I’d have to re-read it, but I don’t recall his article in National Review in 2003 had the ordinary run of Iraq War skeptics as it’s targets, but a specific circle associated with the Rockford Institute. Contributors to the Institute’s magazine, Chronicles were a varied bunch (the editor Thomas Fleming did manage to recruit a small stable of sensible academics to write for Chronicles, e.g. Phillip Jenkins), but the editor of the publication and several of the leading producers of its editorial matter (Samuel Francis, Llewelyn Rockwell, and Joseph Sobran) were an obnoxious crew. Writing in to second Frum’s opinion was the historian Stephen Tonsor (who had a history as a critic of ‘courtier intellectuals’ of a sort you can find on salary at AEI, Heritage, and EPPC) and Mrs. Leopold Tyrmand, whose husband had founded Chronicles in 1976. Mrs. Tyrmand said her late husband would have been disgusted with what Thomas Fleming had made of his magazine and Tonsor dismissed Fleming, et al as ‘flaky cranks’. By way of example, Fleming had devoted scads of space in the magazine to articles making the case for Radovan Karadzic and other Serb politicians in Bosnia; that would be an odd hobby in any circumstance, but he was doing so when that sort of particularism was in its most bloodthirsty phase; the magazine lost 70% of its paid circulation during those years. As of about 2012 (a couple years short of retirement), he was still butt-hurt that Serbia’s Army and security services had been ejected from Kosovo (a territory which has had an Albanian majority since the late 19th c).

==

What gets you about NeverTrumpers is that they seem to have no interest in policy or significant current events. Frum apparently has nothing better to do, so devotes his time to producing copy for liberal publications who have nothing better to do than to attack the president for a ceremonial address whose content was of the sort you’d expect to find in a ceremonial address. Andrew Bacevich had occasion to produce articles where he critiqued the ceremonial remarks of George W. Bush as if they were inter-office memoranda, now we have David Frum complaining that ceremonial remarks aren’t policy white papers. The authors are either playing dumb or it’s not an act. You never quite know.

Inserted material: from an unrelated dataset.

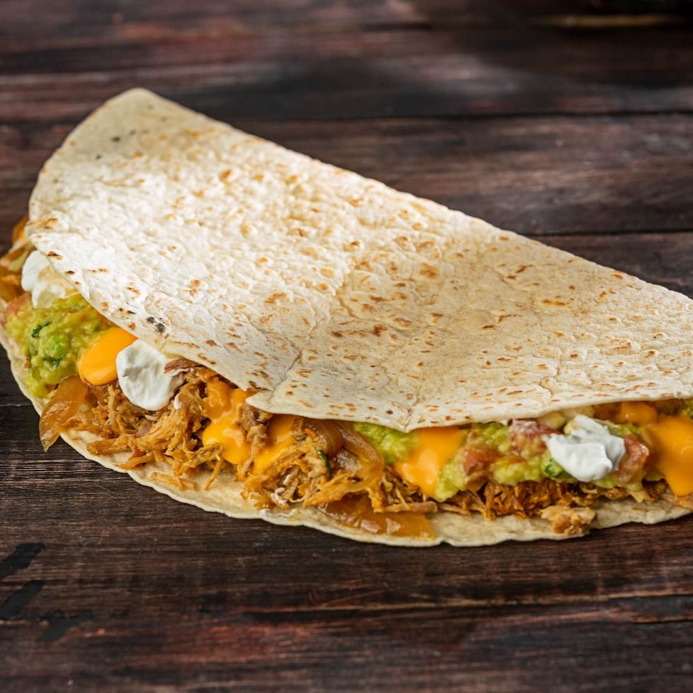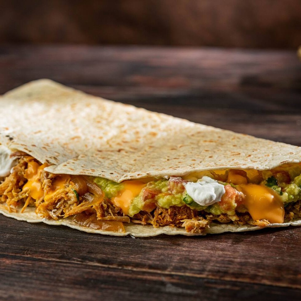Tortilla feita à base de trigo recheada com lascas de pernil, cheddar, guacamole, sour cream, cebola caramelizada. * Pimenta jalapeño opcional.

Lucius Quinctius Cincinnatus
Thursday, July 11, AD 2019 11:36am

I don’t like Trump. He doesn’t know a darn thing about the Constitution or the Bible. And he can’t speak coherently unless its from a staged script. And he has been a womanizer in the best (or worst) tradition of nuclear submarine sailors (having been one, I know whereof I speak). And he’s ten times worse than I was on Twitter (my 15 year old son asked why Twitter banned me for life and not Trump – Ha! Ha!). But darn it, Trump’s DONE good for the country regardless of what fee fi foo Frum says. Taxes are down, employment is up, my paycheck is up, North Korea is at the table, Iran’s been warned, Mexico has compromised, and my nuclear company is getting 100s of millions of dollars from the US DOE under his leadership to design and build new (carbon-free, no global warming!) passively safe small modular reactors to keep your lights on, your computers energized and your air conditioners working. What the frack is not to like? The guy can’t talk lucidly and he’s a horny old goat? Heck, sounds like me (just ask my wife) and most other fairly normal men. Yes, darn it, I’ll vote for him in 2020 even if I have to hold my nose. God bless Donald Trump.